Some of our results were less obvious than others, e.g., the insignificant effect of responsiveness. This may indicate that it is worth calling on and waiting for the high-status people to get involved, even if they are slow.

From a security perspective, trusting new people with the project’s code is associated with more maintenance and supervision, which is certainly a concern. Based on our results in this paper, increased efforts could be useful towards training new people to the specifics of the project’s code, e.g., by creating a portal for newcomers (Steinmacher et al. 2016). Future work may include building online tools to facilitate newcomer onboarding, e.g., the creation of “tag profiles” which provide suggestions to new users regarding how to increase their @-mentions, an indicator that they are important to a project’s success, thus benefiting the project as a whole; also (and perhaps more controversially) it might be helpful to have tools to measure how often each developer’s changes induce future fixes.

7 Threats to Validity

There were challenges involved in all aspects of the work, largely due to the loaded reasoning behind @-mentions. Being @-mentioned is not just a result of technical prowess; @-mentioning is also a social phenomenon. Many potential issues were anticipated and carefully addressed. Once we settled on the idea of using call @-mentions, we were able to connect our outcome with background theory on the multidimensionality of @-mentions. To define @-mentions precisely, we necessarily had to narrow our definition specifically to call mentions in issue discussions.

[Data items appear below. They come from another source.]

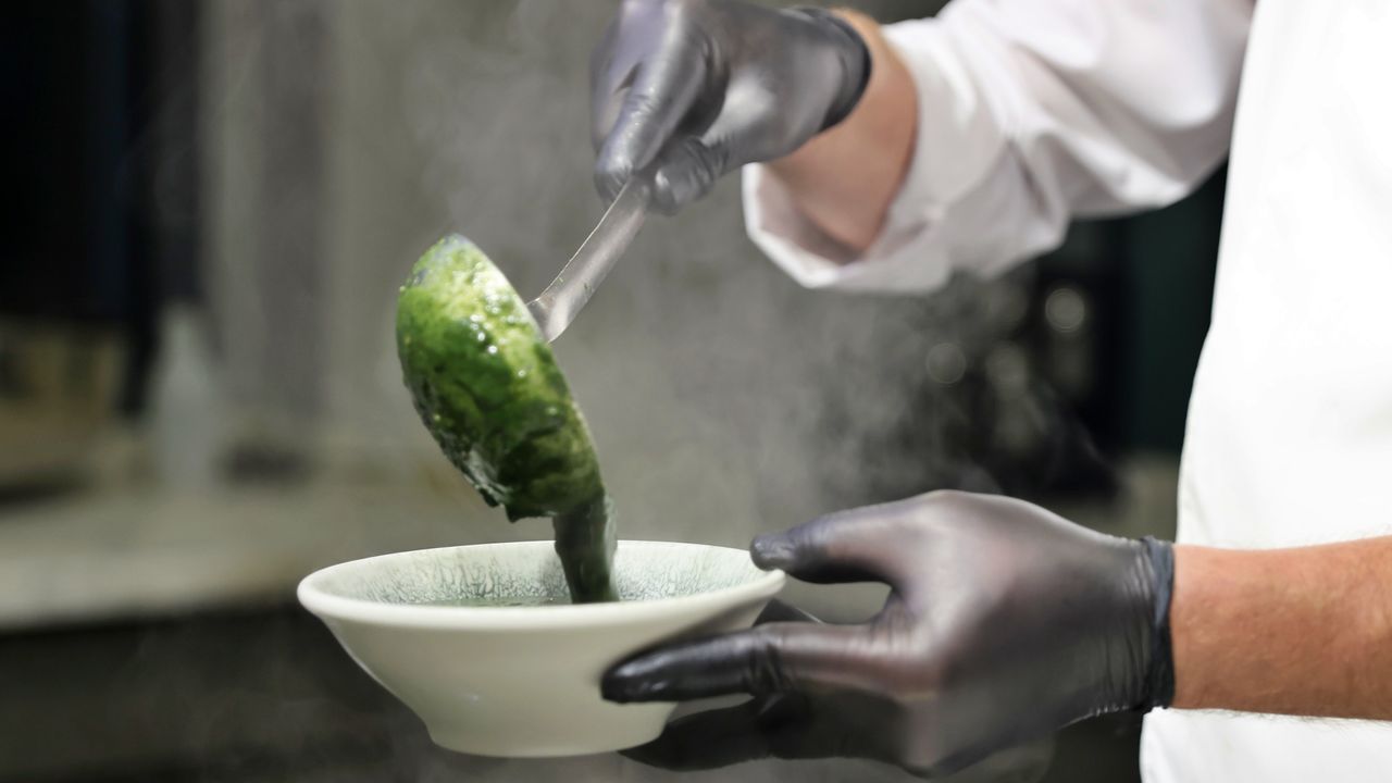 Isırgan çorbası tarifini AA muhabirine anlatan şef Fatih Sezenlik, ısırgan otlarını temizlerken elleri yakmaması için mutlaka eldiven kullanılması gerektiğini söyledi.
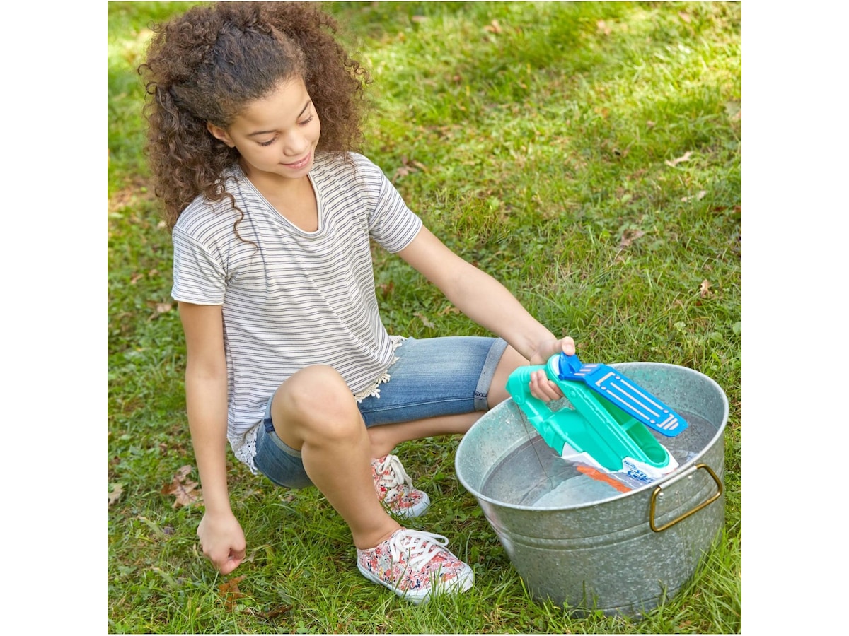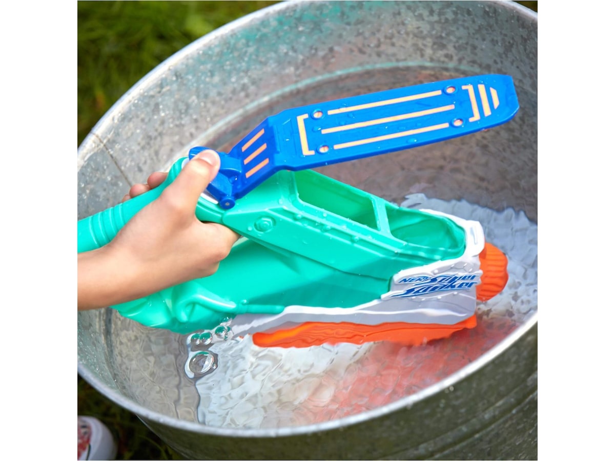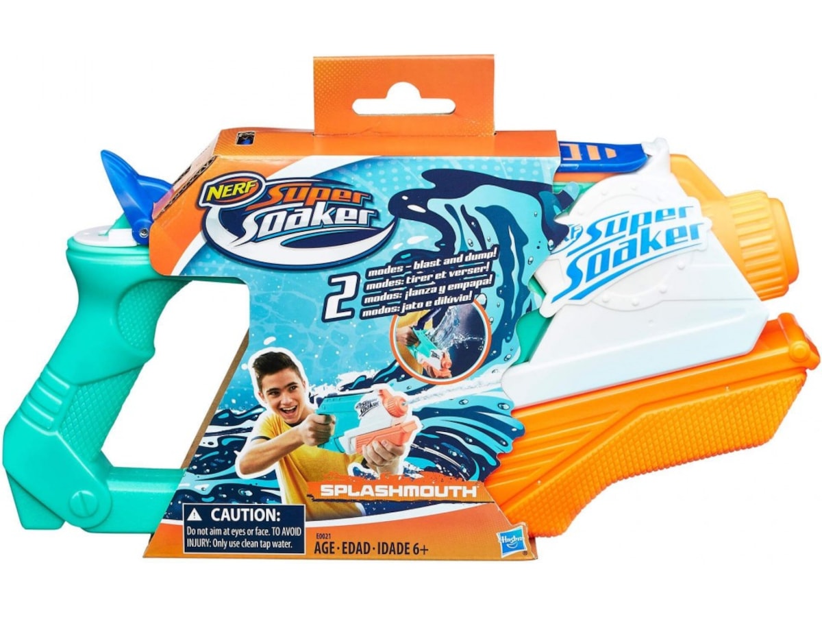 Nerf Super Soaker Splash Mouth vattenblastern har två lägen för att avfyra vatten. Krigare kan pumpa för att avfyra en ström av vatten, eller öppna luckan och avfyra allt vatten i en enorm våg.
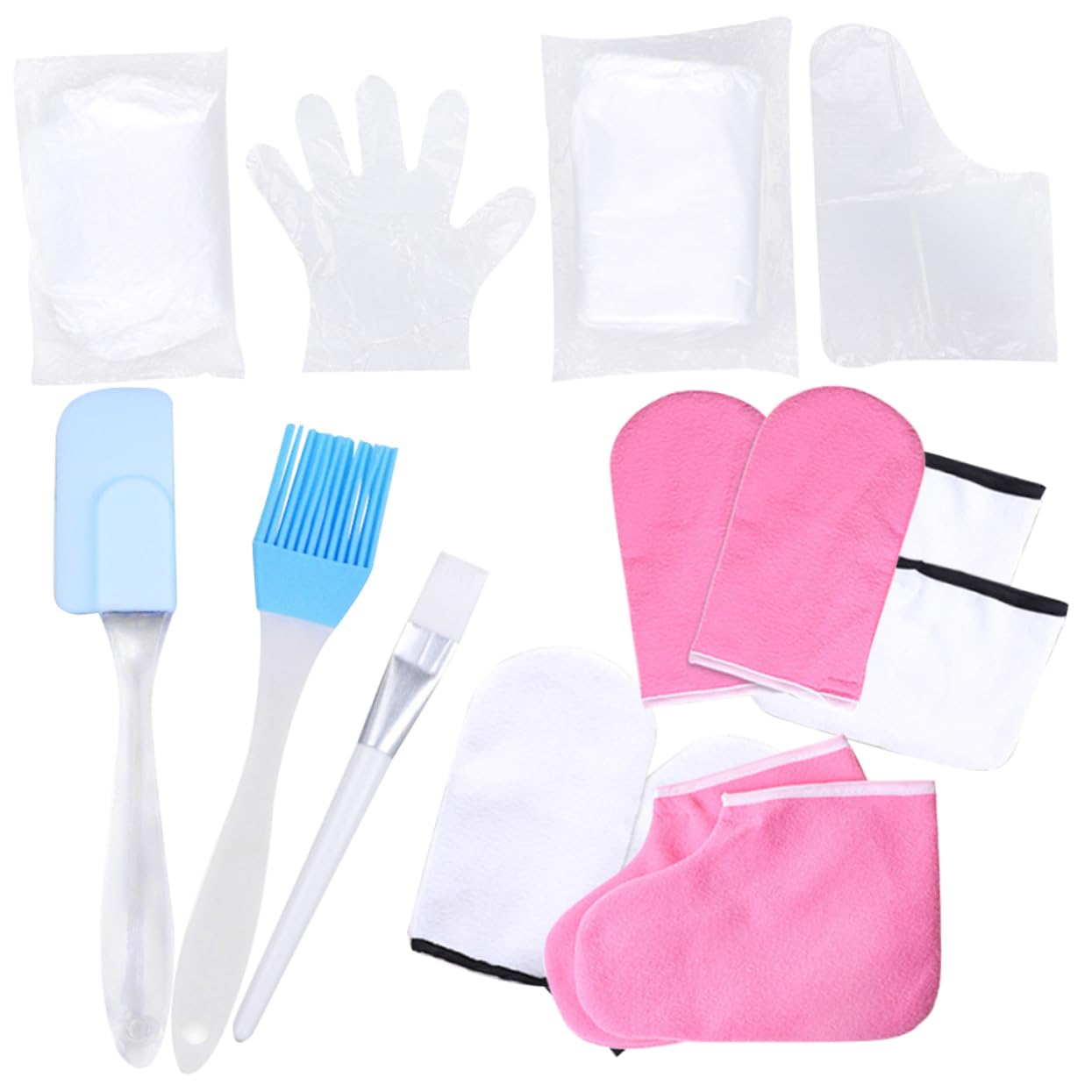 Package List: 1 x Small Spatula, 1 x Wax Brush, 1 x Small Hairbrush, 2 x Foot Covers. Foot Covers Features: - Note: Accessory colors are random. - Material: PP, cotton, and silicone paraffin hand wax. - Size: 17.50 x 6.00 x 3.00 cm 6.88 x 1.18 inches. - Enhances the moisturizing effect with these covers, you can enjoy a paraffin treatment just like in a salon. - Keeps your skin warm with the hot paraffin to help nutrients penetrate your hand moisturizers. - Made from durable, comfortable, skin-friendly, and lightweight materials for hand waxing. - Fully washable and specially designed to maximize heat retention during a paraffin wax treatment. - Activate tissues, circulation, and improve absorption. Treat yourself to a moisturizing hand and foot treatment overnight. Product information: Body scrub, professional bath spa supplies, works great for paraffin wax baths, hot wax therapy, and hand wax treatments. Hand moisturizers: Apply a moisturizing cream or lotion to your hands or feet, and use these with foot covers for best results. Hand wax: Or you can use it for hand and foot care.

We acknowledge that only considering individuals with non-zero commits is a threat. However, the density of @-mentions for those with zero commits is highly concentrated at zero (median 0 @-mentions for those with zero commits, mean 0.26). In addition, this helps alleviate the threat of bots as bots often must be @-mentioned to be activated; however, most bots do not show up in the “authors” field for a given commit (they may show up in the “committer” field, but we do not use this field in our work). In addition, as we have data from many projects, unless bots are the vast majority of our data points, they should not have a palpable effect on our model fit. We also manually inspected commits to try and filter out bots. However, we cannot be certain that all bots are removed from our data; thus, we acknowledge bots as a threat.

Regarding our identification of “reply” and “call” @-mentions, it is possible that we misidentify a “reply” as a “call” if an individual uses multiple GitHub accounts to post within a project. E.g., if someone first posts with username A, then later posts as username B, we would identify B as a “call” rather than a “reply”. Due to the confusion that would likely ensue if this was common, we do not see this as a major threat.

We acknowledge that our identification of likely buggy commits may have issues. The method we use is supported by multiple prior works (Śliwerski et al. 2005; Kim et al. 2006), and seen as a “standard method”. However, this does not have the robustness of a method that, e.g., uses an explicit bug tracker to identify buggy commits, and has issues as described by prior work (da Costa et al. 2017; Rodríguez-Pérez et al. 2018). Due to the structure of GitHub, there is no guaranteed method to identify buggy commits that will work across all projects. Thus, we acknowledge this as a threat.

We note that our operationalization of productivity through commits has its issues. This includes the issue of varying commit styles amongst developers and between projects; some projects may want commits to be as small as possible, while others may not care for or enforce such a rule. We also tested for the inclusion of $\mathcal {MAF}$ and $\mathcal {DAF}$ in their original forms from prior work, which can be seen as productivity measures, as well as raw lines of code. However, these measures were highly correlated with commits. Thus, we chose to represent productivity with a more easily understood measure - commits - for the sake of model parsimony (Vandekerckhove et al. 2015).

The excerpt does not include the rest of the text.